La pregunta que nos viene a la mente es: una vez instalados en el compromiso, en el contrato con la editorial, ¿perderemos la libertad de escribir cuanto tema se nos ocurra? La respuesta, en la mayoría de los casos, es sí. A la editorial no le interesan tus necesidades estéticas, tus necesidades filosóficas, o tu imaginación cuestionadora, a la editorial le interesa ganar y vender, lo cual es un hecho natural del mercado, puesto que son una empresa que viven de eso. Pero, ¿y el individuo, el escritor, dónde queda? ¿Se convierte en un trabajador, un obrero, un maquilador de las letras? ¿Ve frustrado su talento para acomodarse a las necesidades del mercado? Muchos hemos constatado que el primer libro resultó una maravilla porque no estaba sujeto a las presiones editoriales, sino a su propia entrega, carisma y capacidad de escribir. No obstante, los siguientes libros comenzaron a parecerse entre sí, pero no al primero. Algunas editoriales optan por exigirle al escritor sagas de aventuras para determinadas edades y públicos, con el fin de crear demanda. Conocen su negocio, pues. Sin embargo, el escritor, ¿dónde queda?, ¿qué papel juega?
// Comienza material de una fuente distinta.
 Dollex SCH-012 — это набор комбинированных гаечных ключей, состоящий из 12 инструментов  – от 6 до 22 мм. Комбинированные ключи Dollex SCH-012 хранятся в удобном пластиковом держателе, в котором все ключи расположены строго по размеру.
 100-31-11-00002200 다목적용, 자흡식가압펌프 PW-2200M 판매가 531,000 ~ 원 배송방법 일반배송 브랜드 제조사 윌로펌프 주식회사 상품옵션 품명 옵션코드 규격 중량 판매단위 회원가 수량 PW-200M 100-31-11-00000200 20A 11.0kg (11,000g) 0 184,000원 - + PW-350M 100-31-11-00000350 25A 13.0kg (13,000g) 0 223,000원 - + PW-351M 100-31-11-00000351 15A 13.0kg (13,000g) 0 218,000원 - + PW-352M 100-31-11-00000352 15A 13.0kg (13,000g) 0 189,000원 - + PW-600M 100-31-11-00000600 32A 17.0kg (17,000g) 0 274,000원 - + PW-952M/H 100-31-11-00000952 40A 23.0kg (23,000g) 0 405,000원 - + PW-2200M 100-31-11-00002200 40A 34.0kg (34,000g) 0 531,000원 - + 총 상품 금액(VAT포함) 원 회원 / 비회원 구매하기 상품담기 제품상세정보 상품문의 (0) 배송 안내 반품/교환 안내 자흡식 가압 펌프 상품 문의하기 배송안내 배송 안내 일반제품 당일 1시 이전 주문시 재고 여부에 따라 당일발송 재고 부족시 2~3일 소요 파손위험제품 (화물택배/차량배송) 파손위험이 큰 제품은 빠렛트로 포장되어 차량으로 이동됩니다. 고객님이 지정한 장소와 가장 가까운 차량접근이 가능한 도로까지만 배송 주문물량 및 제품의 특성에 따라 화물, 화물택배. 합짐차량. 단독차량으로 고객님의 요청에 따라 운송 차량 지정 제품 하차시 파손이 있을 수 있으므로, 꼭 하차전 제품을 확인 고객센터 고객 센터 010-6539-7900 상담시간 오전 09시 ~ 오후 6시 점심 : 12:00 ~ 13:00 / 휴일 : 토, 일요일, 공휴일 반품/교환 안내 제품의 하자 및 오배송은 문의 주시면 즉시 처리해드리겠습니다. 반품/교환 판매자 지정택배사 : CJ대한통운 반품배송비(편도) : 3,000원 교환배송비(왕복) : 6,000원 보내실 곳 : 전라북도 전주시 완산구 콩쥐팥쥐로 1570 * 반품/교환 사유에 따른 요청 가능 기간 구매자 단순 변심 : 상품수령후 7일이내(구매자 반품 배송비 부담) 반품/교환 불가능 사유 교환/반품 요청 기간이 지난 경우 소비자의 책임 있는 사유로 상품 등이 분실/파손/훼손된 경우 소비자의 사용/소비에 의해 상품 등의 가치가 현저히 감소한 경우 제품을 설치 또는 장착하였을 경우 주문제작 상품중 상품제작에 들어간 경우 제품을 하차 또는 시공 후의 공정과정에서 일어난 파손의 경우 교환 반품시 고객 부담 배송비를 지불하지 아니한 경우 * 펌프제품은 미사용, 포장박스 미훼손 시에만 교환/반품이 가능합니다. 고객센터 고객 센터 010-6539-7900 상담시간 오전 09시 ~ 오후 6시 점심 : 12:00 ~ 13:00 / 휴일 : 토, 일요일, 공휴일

Hace décadas los escritores pensaban en función de su obra, de su arte, de su estética, de su filosofía de vida. Hoy no es así o al menos no enteramente así. La narrativa es distinta. Sería difícil que un joven Gabriel García Márquez funcionara en el mercado de hoy, que tampoco es regla, pero esa es la tendencia. Escribir hoy en día no es para nada el ideal romántico del siglo XIX o de lucha como a mediados del siglo XX, donde el escritor es un héroe, un rockstar o de plano un marginal con clase (¡ay, Henry Miller!). Escribir hoy en día es un trabajo arduo y difícil, que no halla su camino ni el éxito tan fácilmente, y algunos morirán y no lo tendrán, o quizá después de la muerte (!Oh Kafka, mi Kafka!). ¿Quién quiere ser escritor?, de los que están horas nalga, de los que investigan, de los que corrigen una y otra vez, de los que arman un proyecto, de los que creen en lo que hacen, de los que no andan tras la lana como mendigos de su propia profesión, quienes mandan a concursitos de jóvenes sus libritos insípidos, pero al que no pueden entrar por rebasar la edad y utilizan a alguien para conseguir sus fines. Escribir, la verdad, es un combate con la vida.